▸ WORK REQUEST: What is wanted is every line below from the one with "Bring the primitive" up to and including the one with "Trong thực tế, khi", retyped exactly, pictures excluded, nothing else.

▸ EXTRACTED INFORMATION:
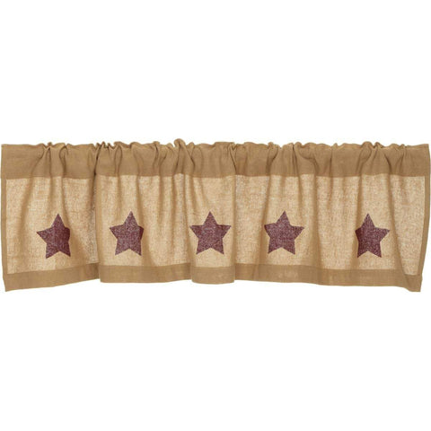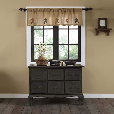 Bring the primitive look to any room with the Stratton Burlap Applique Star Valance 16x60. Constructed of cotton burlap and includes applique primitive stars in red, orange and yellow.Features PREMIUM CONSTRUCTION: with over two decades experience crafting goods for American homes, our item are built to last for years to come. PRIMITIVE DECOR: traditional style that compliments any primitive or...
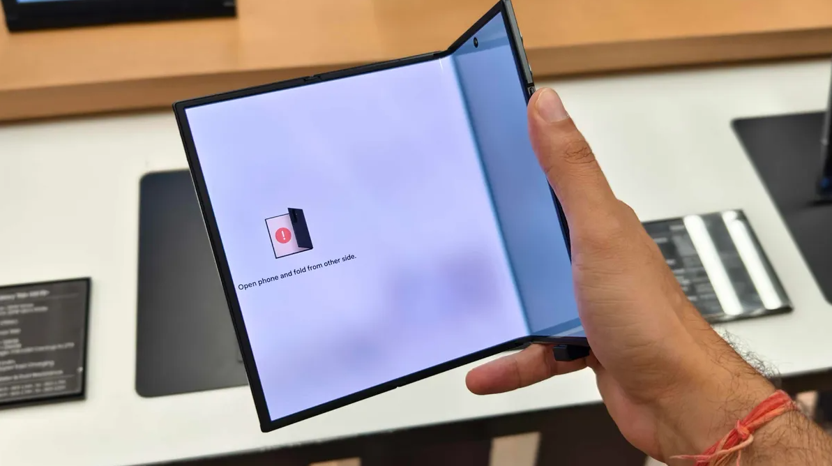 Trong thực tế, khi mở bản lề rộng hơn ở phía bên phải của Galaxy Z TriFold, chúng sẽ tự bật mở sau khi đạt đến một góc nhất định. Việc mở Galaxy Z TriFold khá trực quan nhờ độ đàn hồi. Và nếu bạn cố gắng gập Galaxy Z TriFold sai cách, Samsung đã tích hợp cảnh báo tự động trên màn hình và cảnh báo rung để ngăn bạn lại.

--

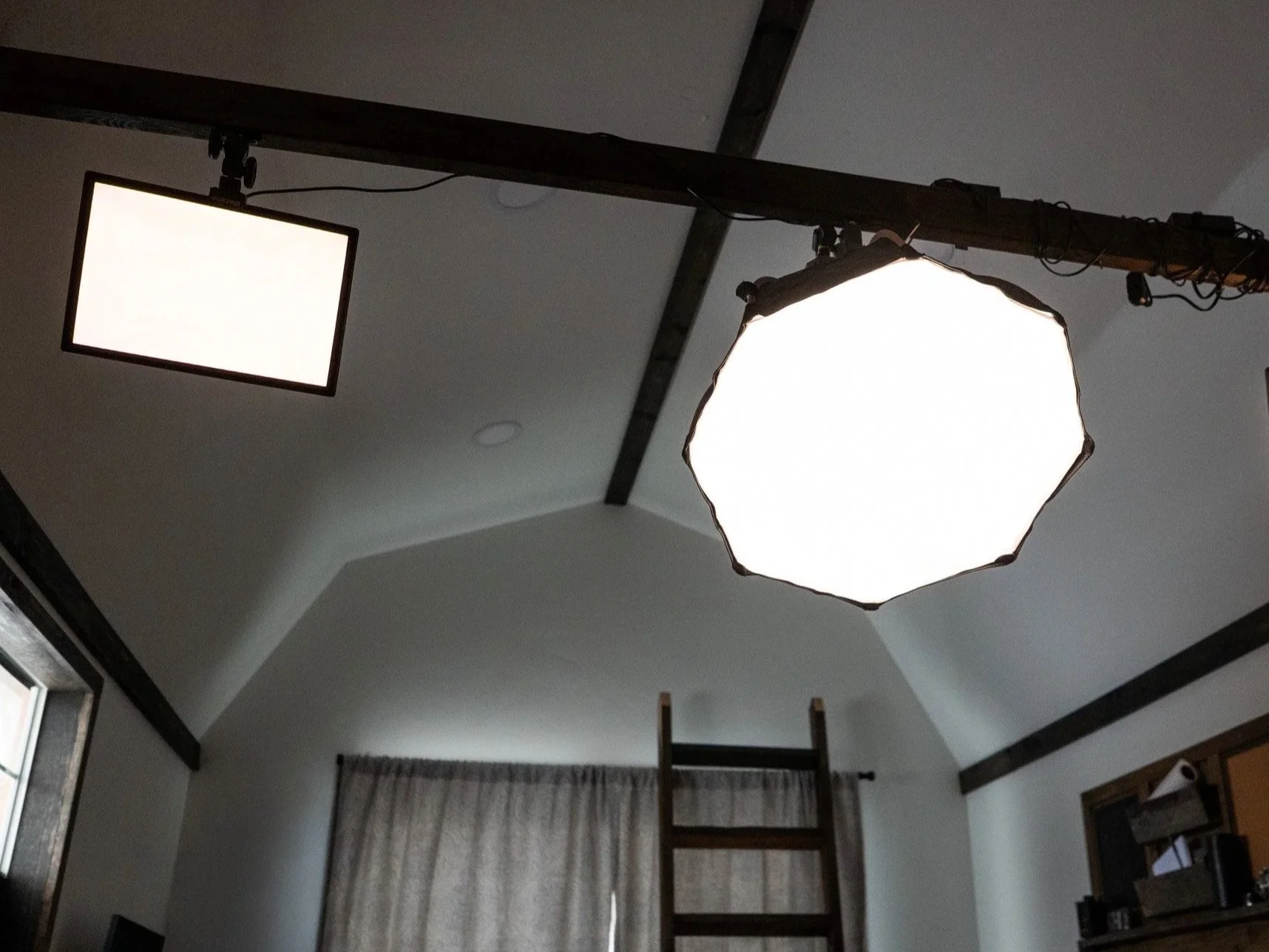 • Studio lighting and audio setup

* * *

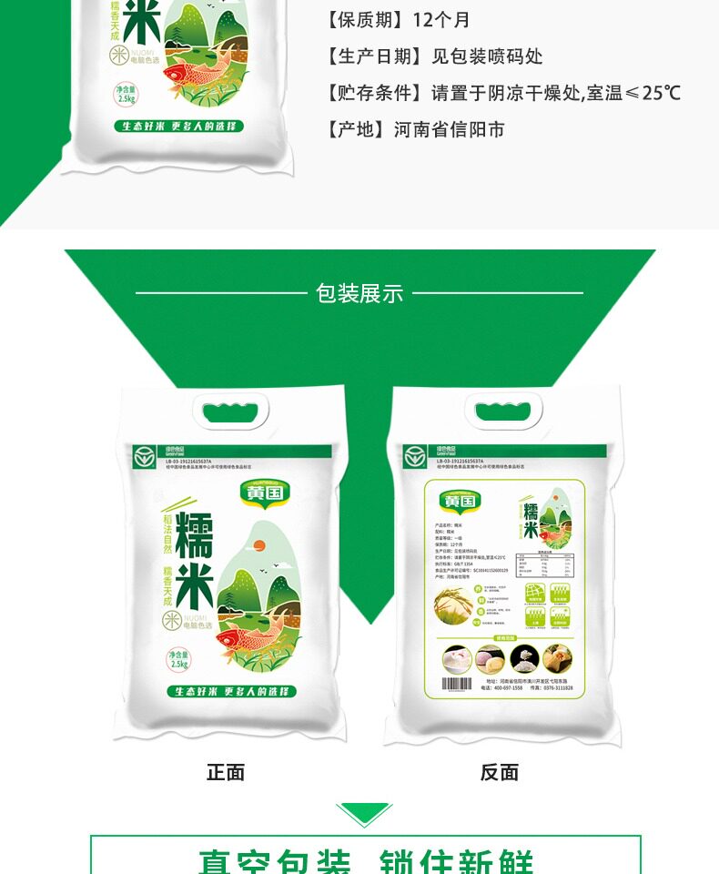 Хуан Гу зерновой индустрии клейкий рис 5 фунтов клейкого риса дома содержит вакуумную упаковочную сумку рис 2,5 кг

▸ EXPECTED ANSWER:
 Bring the primitive look to any room with the Stratton Burlap Applique Star Valance 16x60. Constructed of cotton burlap and includes applique primitive stars in red, orange and yellow.Features PREMIUM CONSTRUCTION: with over two decades experience crafting goods for American homes, our item are built to last for years to come. PRIMITIVE DECOR: traditional style that compliments any primitive or...
 Trong thực tế, khi mở bản lề rộng hơn ở phía bên phải của Galaxy Z TriFold, chúng sẽ tự bật mở sau khi đạt đến một góc nhất định. Việc mở Galaxy Z TriFold khá trực quan nhờ độ đàn hồi. Và nếu bạn cố gắng gập Galaxy Z TriFold sai cách, Samsung đã tích hợp cảnh báo tự động trên màn hình và cảnh báo rung để ngăn bạn lại.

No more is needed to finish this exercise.